However, especially from the standpoint of a graduating high school senior, it
is very real.

I think there's an implied "first" (or "next" after secondary school) in all
of this.

------
dlytle
The older generation is bitter because they heavily invested according to a
specific system of advancement, lived a good life because of it, and now these
modern kids act like the system was always broken.
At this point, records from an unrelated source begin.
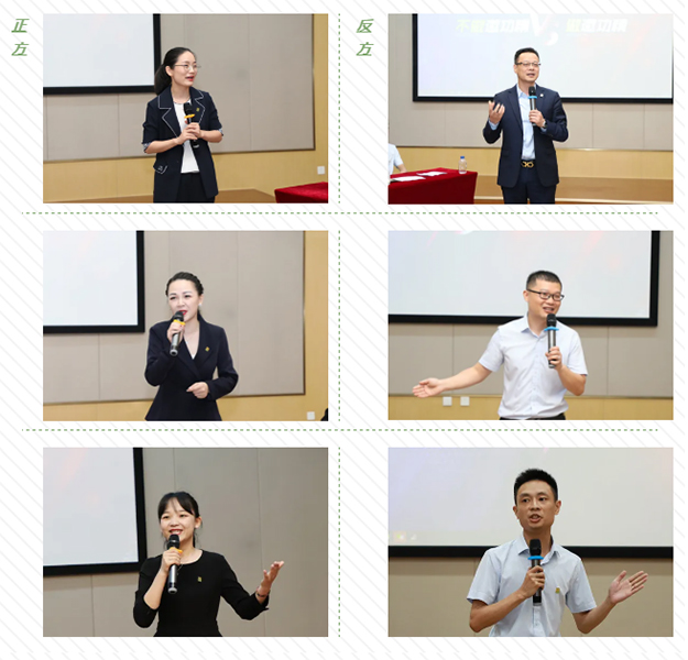 今年5-6月,綠之韻集團組織部分員工參加了“魅力講師訓(xùn)練營”演講與口才培訓(xùn)活動。經(jīng)過為期兩個月的專業(yè)訓(xùn)練,學(xué)員們成功畢業(yè)。分享匯報會伊始,這群“會說話”的年輕學(xué)員們就為大家?guī)砹艘粓鼍实霓q論賽。
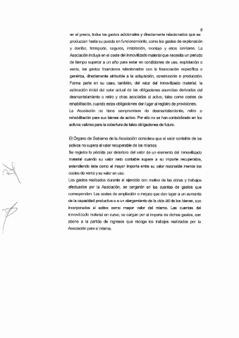 El Órgano de Gobierno de la Asociación considera que el valor contable de los
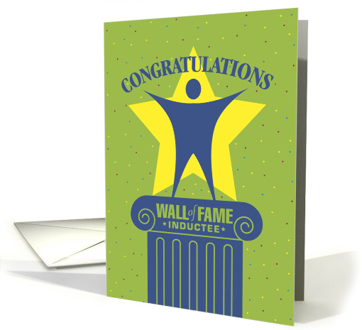 | Artist Notes: | Congratulation wall of fame inductee. Stylized figure standing on a pedestal with arms in the air. Green background with multicolored confetti falling. |
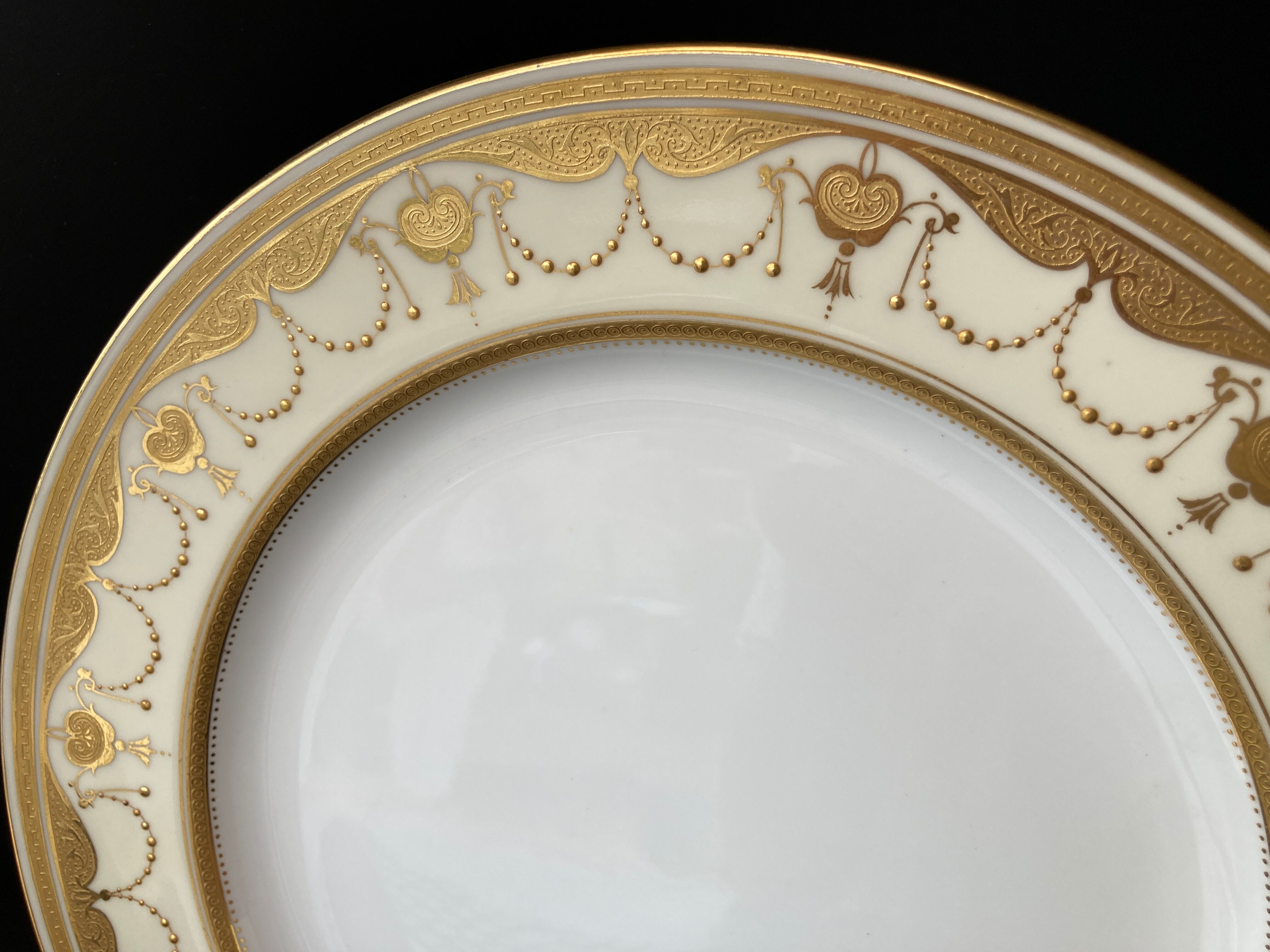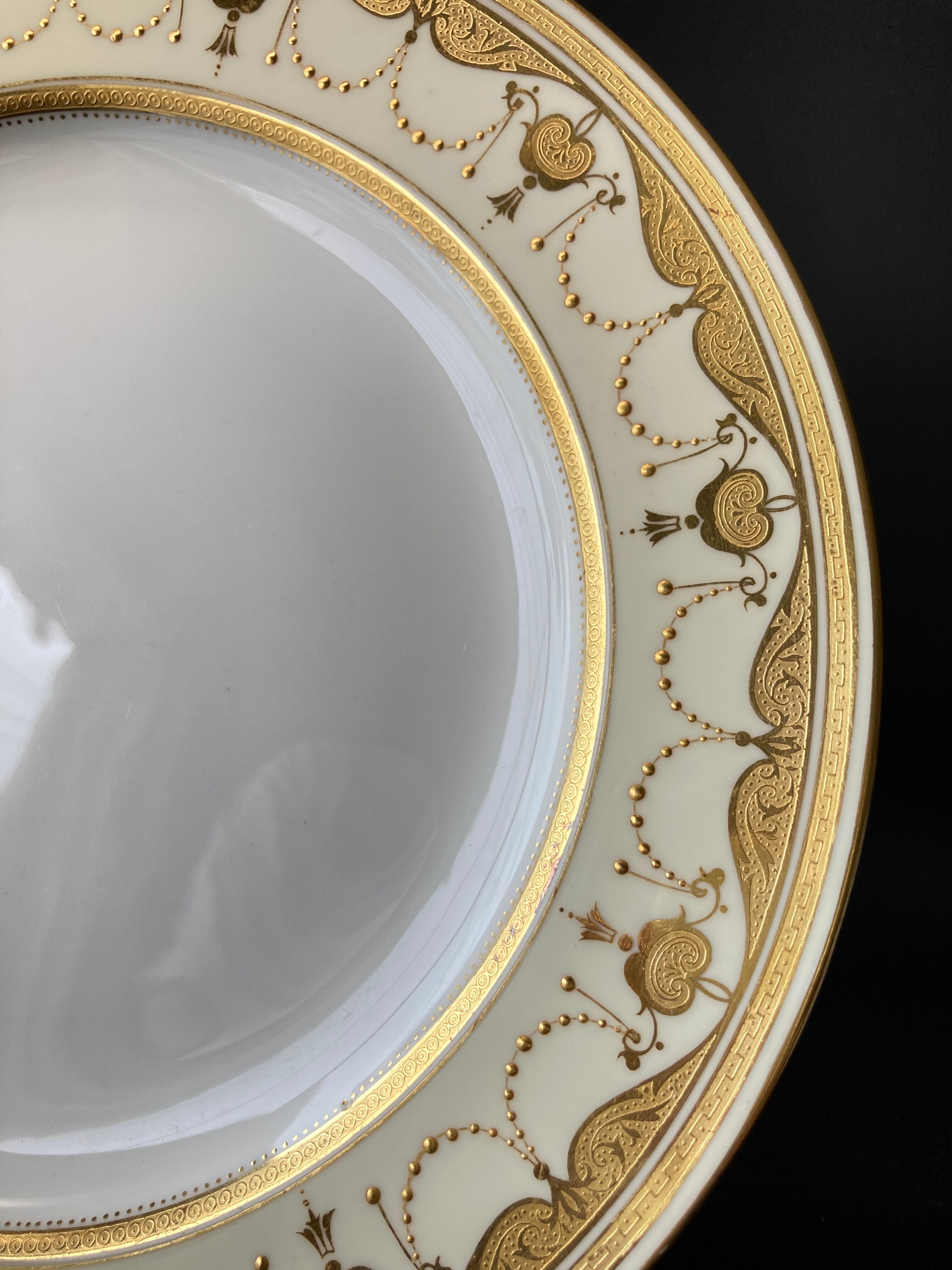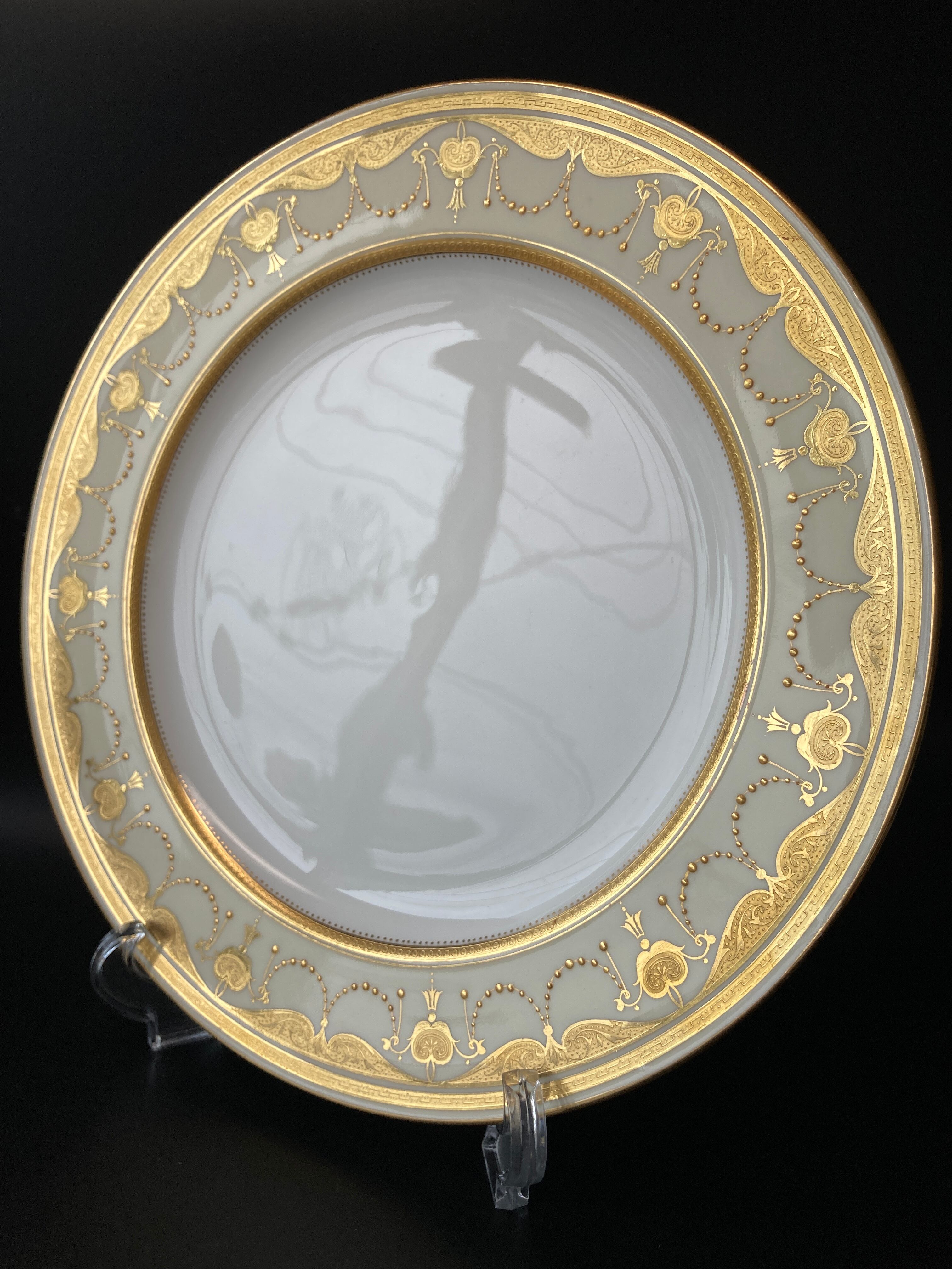 現在では制作不可能ともいわれる高純度で厚みを持った金盛りは、光を受けて綺羅びやかに輝き、当時のミントン作品ならではの贅沢なデザインをお楽しみ頂けます。
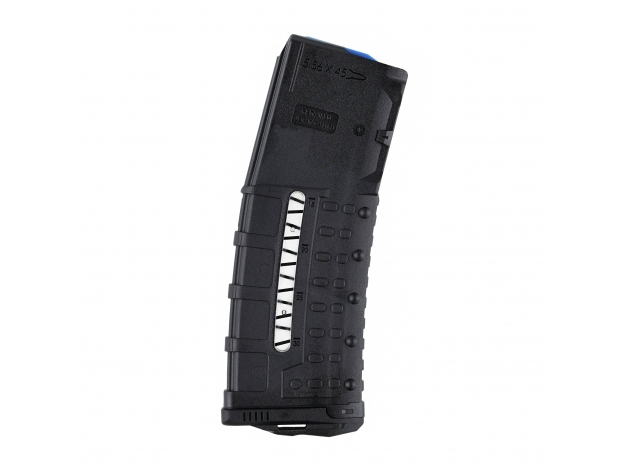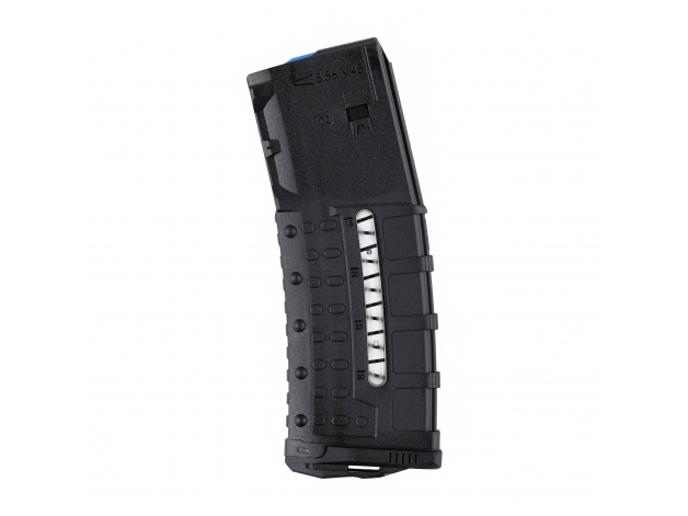 Magazynek ma kontrastowy popychacz o niskim współczynniku tarcia oraz sprężynę ze stali nierdzewnej, która nie odkształca się nawet przy dłuższym obciążeniu. Popychacz ma czterokierunkowe zabezpieczenie przed nadmiernym przechyleniem, co ogranicza ryzyko zacięcia podczas wprowadzania naboju do komory. Obustronne boczne wzierniki ułatwia inspekcję stanu broni.
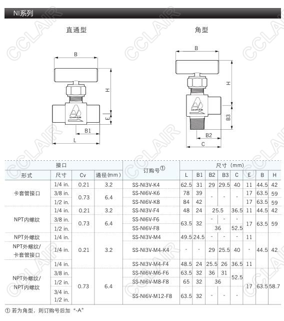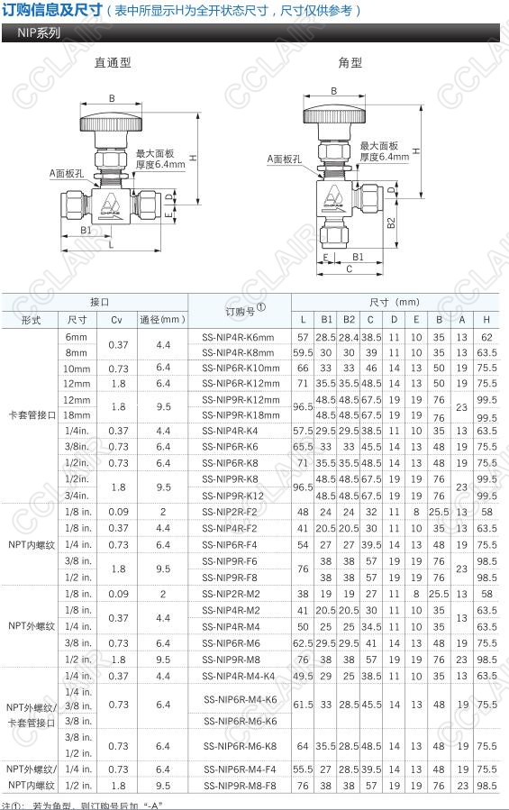 SS-NIP2R-M4-K6-A-SH-P,SS-NI3V-F4-K6-A-SH-P,NIP和NI帽式针阀—不锈钢管阀件
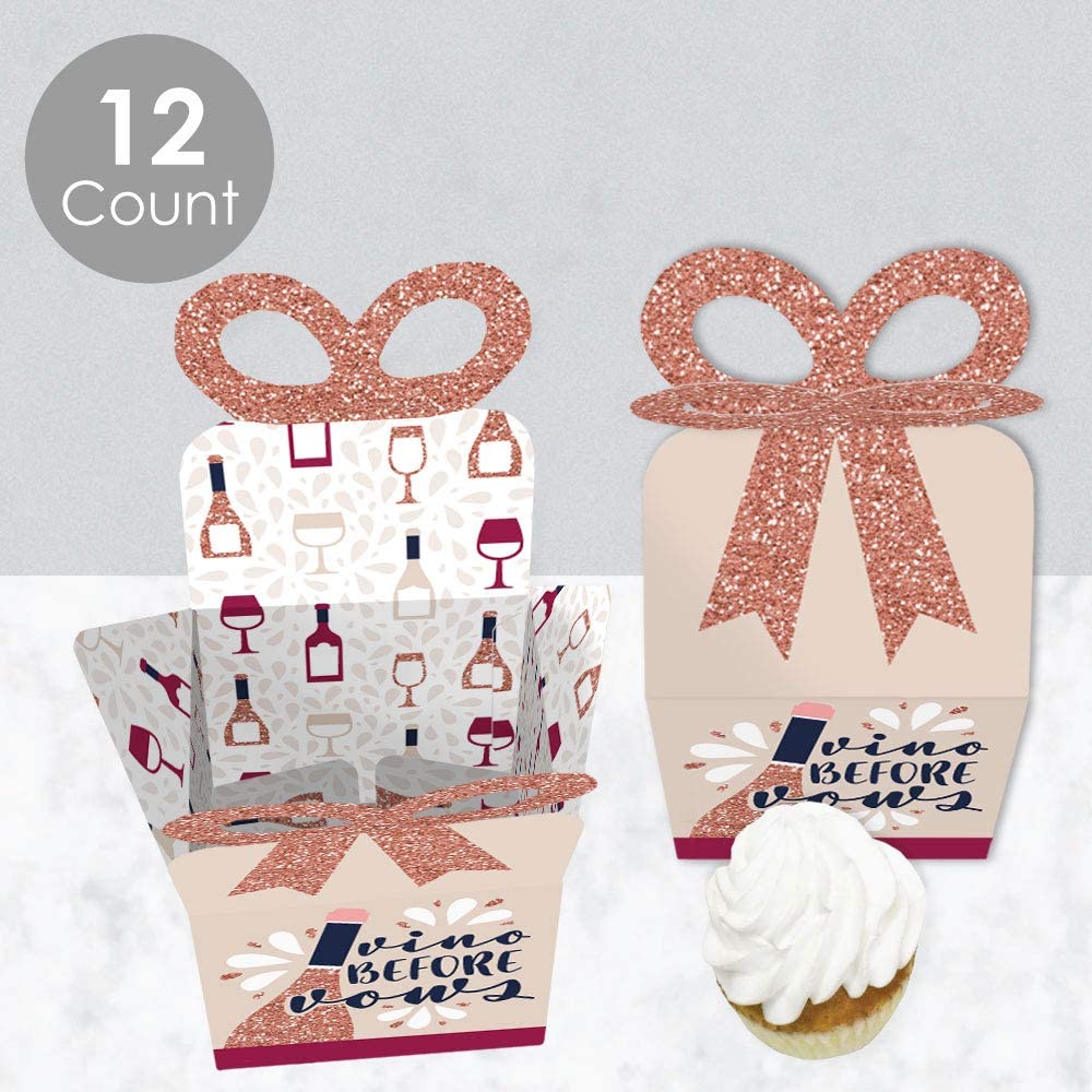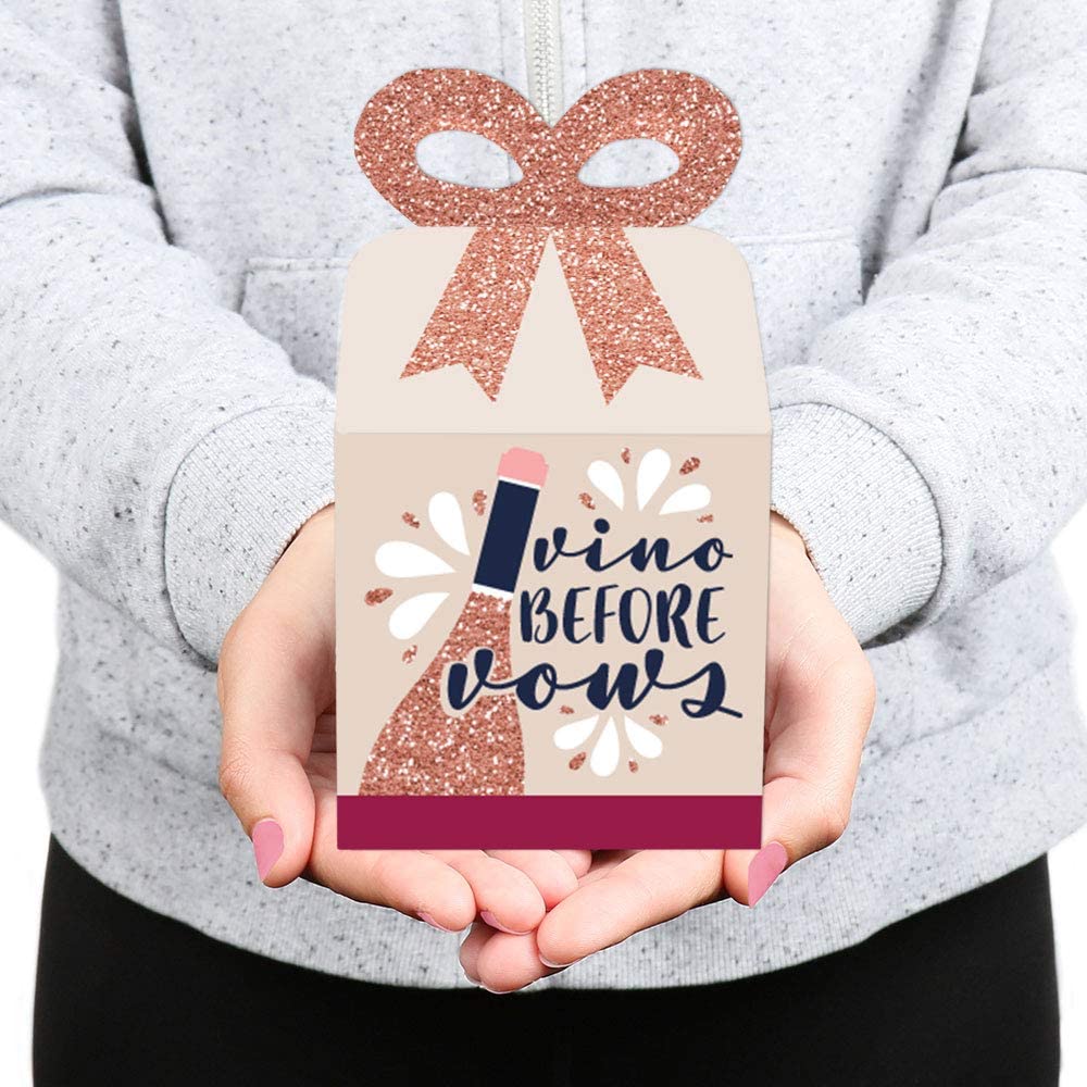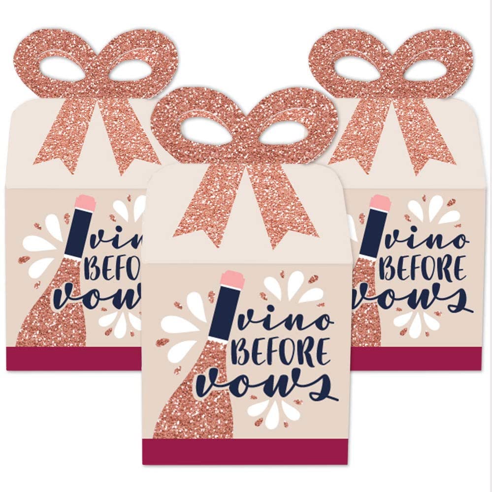 Vino Before Vows - Square Favor Gift Boxes - Winery Bridal Shower or Bachelorette Party Bow Boxes - Set of 12 is backordered and will ship as soon as it is back in stock.

The younger generation is bitter because they heavily invested according to a
specific system of advancement, discovered that the rewards provided by the
system have fundamentally changed, and blame the geezers for steering them
down the wrong path.

Neither generation wants to accept that the rules have changed and don't pay
off the way they used to. That's why they're trying to find someone to blame.
(Other than themselves, of course.)

------
jsz0
I don't feel all that entitled but I can understand why the "get good grades,
goto a good college, have a wonderful life" crowd feels short changed. That
message was drilled into their heads by teachers, family, friends, etc. I
would probably feel entitled in that situation. You did all the "right things"
and aren't seeing the promised benefits. No one mentioned sometimes it takes a
while or just never happens. For any political issues like health care young
people make themselves, and issues they care about, irrelevant by not voting
in sufficiently large numbers. Again, the promise of democracy doesn't really
live up to reality. I suspect it's just a common generational problem. In your
20's you're young enough to remember carefree youth but not successful enough
yet to see your own life as living up to your expectations.

------
bkudria
Before everybody starts complaining, yes, I know that this is, on the surface,
about the health care debate. However, before complaining that this isn't HN-
material, consider for a moment the prevailing expectation college graduates
have: "I need to get a job, which I can now do because I have a college
degree." The author doesn't even consider entrepreneurship.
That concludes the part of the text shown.